24. The emulsion according to any of claims 1 to 20 and 22, characterized in that it comprises, as a polycondensation formula: from 0 to 80% of a colloidal silica dispersion in a hydroxylated silicone oil, at a ratio of 10 to 50 % of silica in the dispersion, from 10 to 90% of an alpha, omega-dihydroxylated oil, where the proportion of hydroxyl groups is between 0.1 and 20 meq / 100 g, from 10 to 40% of an MQ resin where the ratio of hydroxyl groups is between 30 and 200 meq / 100 g. . preferably an adhesion promoter: from 0 to 5% of a silane selected from the range of amine-two and epoxy,. from 1 to 10% of a polycondensation catalyst.

25. An equipment, intended for carrying out an aqueous polyorganosiloxane emulsion according to any of claims 1 to 24, comprising two parts of the polyorganosiloxane formula wherein the meeting forms the organopolysiloxane formula precursor of the elastomer, each part of the emulsion formula in an aqueous solution of protective hydrocolloid, each emulsion being obtained by direct emulsification of the formula part in an aqueous solution of protective hydrocolloid.

26. The method of preparing a polyorganosiloxane aqueous emulsion according to any of claims 1 to 24, characterized in that the polyorganosiloxane precursor formula of the elastomer is prepared, and after emulsification in an aqueous solution of protective hydrocolloid.

27. The method according to claim 26, characterized in that in the case of a two component precursor formula, each part of the previously prepared formula is emulsified in its part of aqueous solution of protective hydrocolloid, and the obtained solutions are conserved separately.

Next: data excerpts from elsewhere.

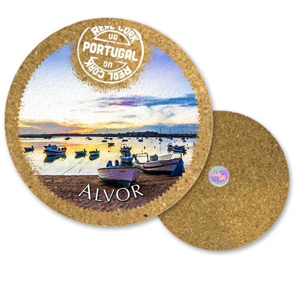 Round base for pans, in cork agglomerate of 195mm x 10mm, printed.
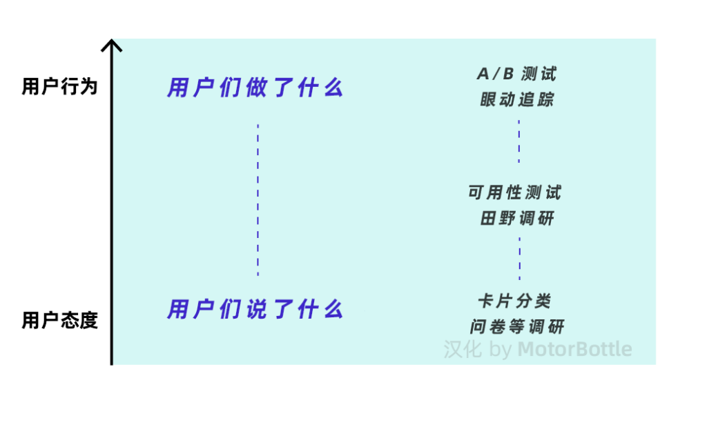 两者的区别概括的来说可以总结为**“用户说了什么”以及“用户是怎么做的”**(两者往往会大相径庭)。而除了两头侧重性非常强的工具,还有处于中间我们最常用的两个工具:可用性测试和田野调研。这两项工具都能兼顾利用户的主动表达以及他们行为表现的数据。
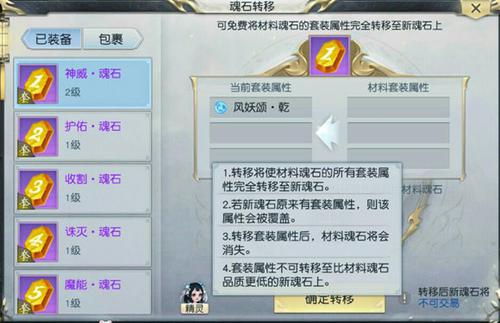 1、魂石转移一般就是把需要的套装属性转移到魂石胚子上,有几个限制,仅支持同号转同号,支持黄转黄,黄转紫,紫转紫,不支持紫转黄,转移不会改变胚子的属性,转移后原有的魂石将消失,得不到任何补偿。
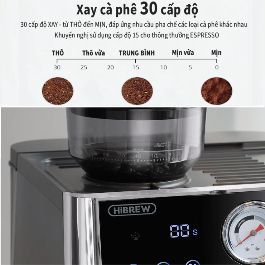- Pha cà phê espresso, xay hạt, tạo bọt sữa và đồng hồ do áp suất 3 trong 1

28. The process of coating a textile or similar material with the aid of an aqueous polyorganosiloxane emulsion according to any of claims 1 to 24 or a device according to claim 25, characterized in that an emulsion layer is applied on a or the two faces of the textile material, then reticulate in order to obtain a coated textile material, on at least one of its faces, with an elastomer layer, preferably 2 less than 40 g / m, mainly comprised between 2 5 and 40 g / m.

29. The process according to claim 28, characterized in that the coating is carried out by scraper or by beating.

30. The product that can be obtained by the process according to claim 28 or 29. SUMMARY An aqueous polyorganosiloxane emulsion is described, mainly for coating textile or analogous materials, comprising an organopolysiloxane formula, precursor of the elastomer, comprising a polydiorganosiloxane, preferably a mineral filler, a catalyst and optionally a crosslinker, in the absence of surfactant in this formula, which is characterized by the fact that the organopolysiloxane formula is an emulsion in an aqueous solution of protective hydrocolloid, and because this emulsion is obtained by direct emulsification of the complete organopolysiloxane formula in the solution aqueous hydroco-loide protector. The protective hydrocolloid is preferably a polyvinyl alcohol (APV) or a mixture of APV. The method of relative preparation, the coating process with the aid of these emulsions and the products coated in this way are also described.